Emerging LLMs – AI Research From The Lab
By Dave Timm
Emerging LLMs: Evaluating the Contenders
Our research team recently investigated the current state of the art in GPT technology and evaluated the performance of 7 large language models (LLMs).
We then did a deep dive into two interesting competitors to Open Al’s models – Google Palm and the Falcon 40B LLM.
We tested them against a series of complex workflows from our client work, including two examples (python code generation, working with JSON records within a business workflow) where we have found OpenAl struggles for accuracy.
Google Al has developed several GPT models, including PALM2 and Flan-T5, which can be accessed through their Vertex AI API and Model Garden.
FALCON is a family of language models developed by the Technology Innovation Institute (TII) in Abu Dhabi, which includes Falcon-40B and Falcon-7B. Falcon is particularly interesting as it can be run locally on a relatively low powered GPU on a local server, removing some data security and governance risks.
LLMs work by predicting which word (or a part-word called a token) is likely to come next in a particular context. The initial training or subsequent fine tuning of the model relates to adjusting the connections (called weights) between words in order to better predict the next word within a context.
The “40B and 7B” descriptors in the Falcon model relates to the number of parameters in the model which includes these weights.
Setup & Testing
We ran Falcom 40B and 7B via a hosted version on HuggingFace, a platform which hosts machine learning models. Falcon models can be easily integrated into existing workflows using the Hugging Face ecosystem.
We ran Google Palm2 (their ChatGPT equivalent) via the Vertex AI APIs. Google has also integrated GPT into their cloud-based machine learning platform, making it easy for businesses to deploy and use GPT models.
Hitting The Limits
OpenAI GPT 4 is still a leader based on the quality level and detail of the
generated text – where the reinforcement learning with the number of users (feedback) plays a significant role but is relatively slow in response time and lacks reasoning (which OpenAl is working on).
The main competitor rising is Google Al – Palm 2 which has very strong logical reasoning capability and around 4x quicker in response time. The ‘code-bisom’ model performed worse in both direct code generation and in complex problem solving than the ‘text-bisom’ model (which over-performed GPT4 in some tasks). Negatives include the need for more precise prompts and there’s insufficient reliability to build into business automation.

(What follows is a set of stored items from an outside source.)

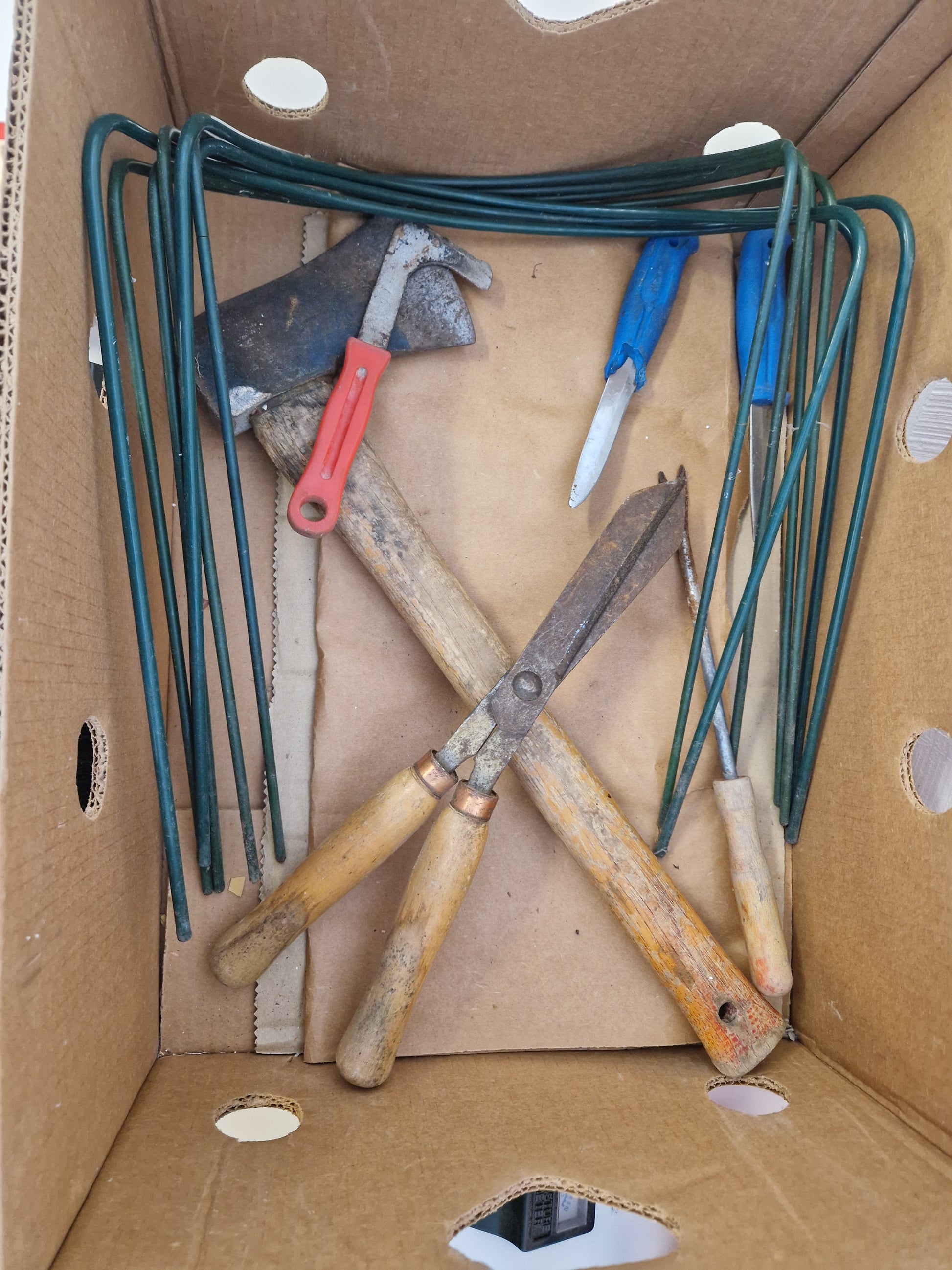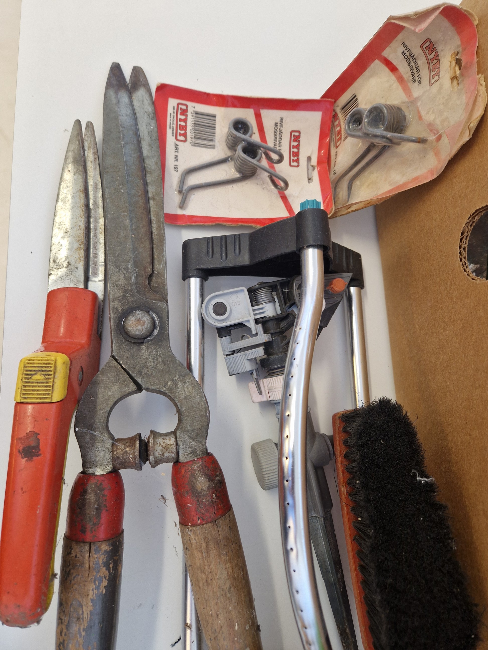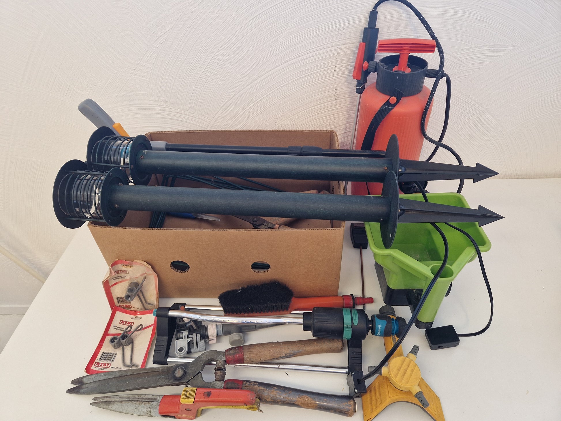 Tryckspruta, gödningsspridare, vattenspridare, häcksax, växtskydd, vattenslang 20 + 16 meter, fuktmätare mm.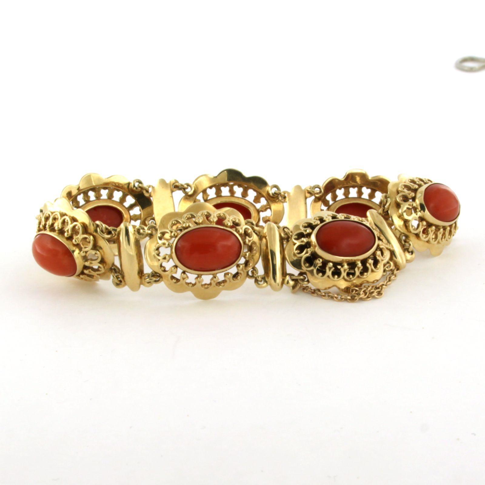 14 Kt. geelgouden schakel armband bezet met koraal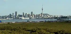 The Northern Motorway skirting the edge of the Waitematā Harbour on the northern approach to the Auckland Harbour Bridge. Central Auckland can be seen across the harbour.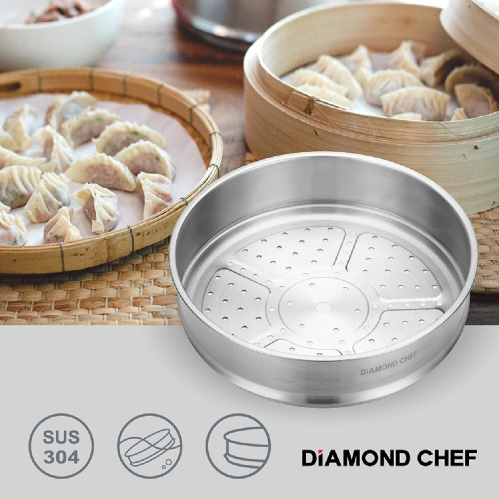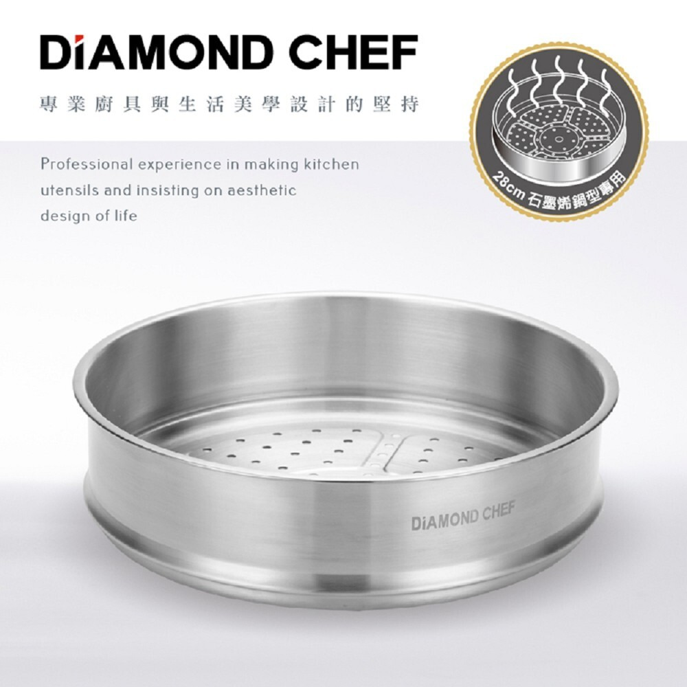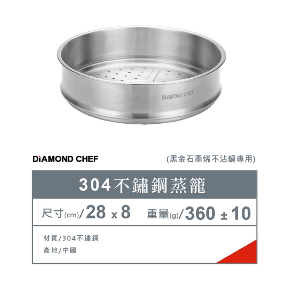 品名:DIAMOND CHEF專用不鏽鋼蒸籠(28公分) 材質:304不鏽鋼 尺寸:28 X 8 cm 顏色:銀色 淨重:360g ± 10g 產地:中國 注意事項: ● 請同一般不沾鍋清洗方式,建議使用海綿、精緻鍋具專用菜瓜布清洗,以延長鍋具使用壽命。 ● 上述尺寸為人工測量 ±5%誤差為正常範圍。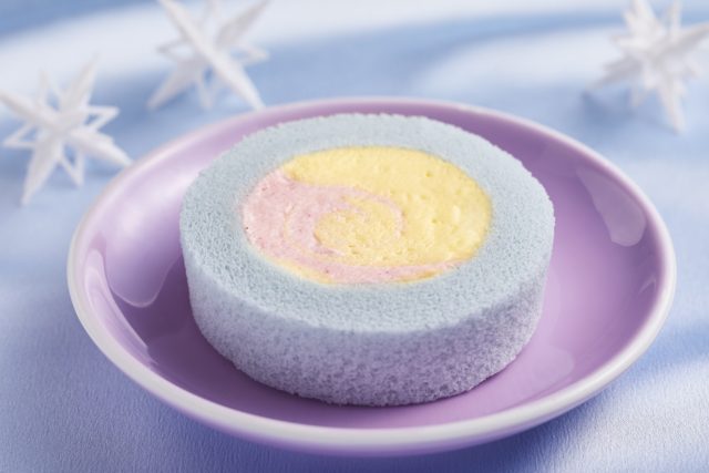 青色の生地の中心に、バニラ味のクリームといちご味のクリームを詰めたユニコーンカラーのプレミアムロールケーキとなっています。パッケージにもユニコーンを描き、「ゆめかわ」を表現しました。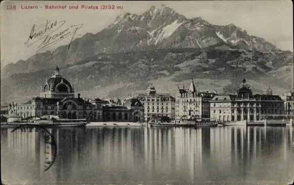 Ak Luzern Stadt Schweiz, Bahnhof und Pilatus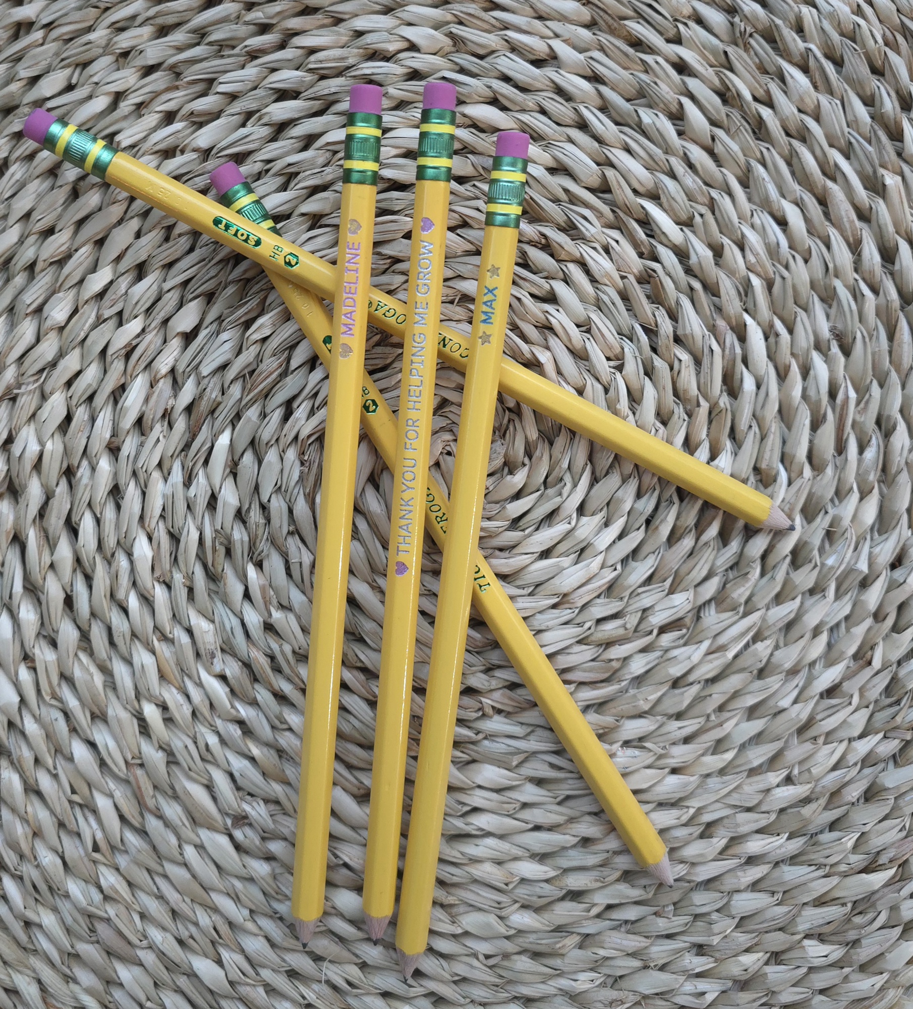 Our custom engraved #2 Ticonderoga pencils are a fun and practical way to make school, homework, or the office feel a little more personal! Perfect for kids, teachers, party favors, classrooms, and team events. Each pencil is engraved with your chosen name, word or phrase.
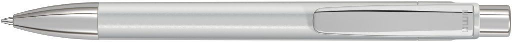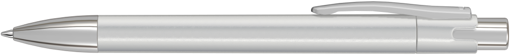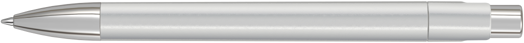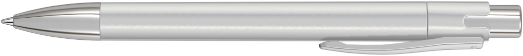 Druckkugelschreiber mit silber glänzendem Gehäuse, schwerer Metallspitze, Metalldrücker und Metallclip glanzverchromt.

FALCON shows that there is an absolutely accessible and free GPT 4 level model, with quick response time, can be run locally and has fine-tuning capability. It is early days though and we failed to get adequate responses on some tests in particular code generation and some complex query interpretation.
We will install Falcon locally and fine tune as part of another research paper. This will enable us to adjust the weights in the model and explore its utility within a specific domain.
What’s the verdict?
We will continue to implement OpenAI based models in our client engagements and will monitor progress of these and other models.
We appreciate your interest and look forward to sharing more with you!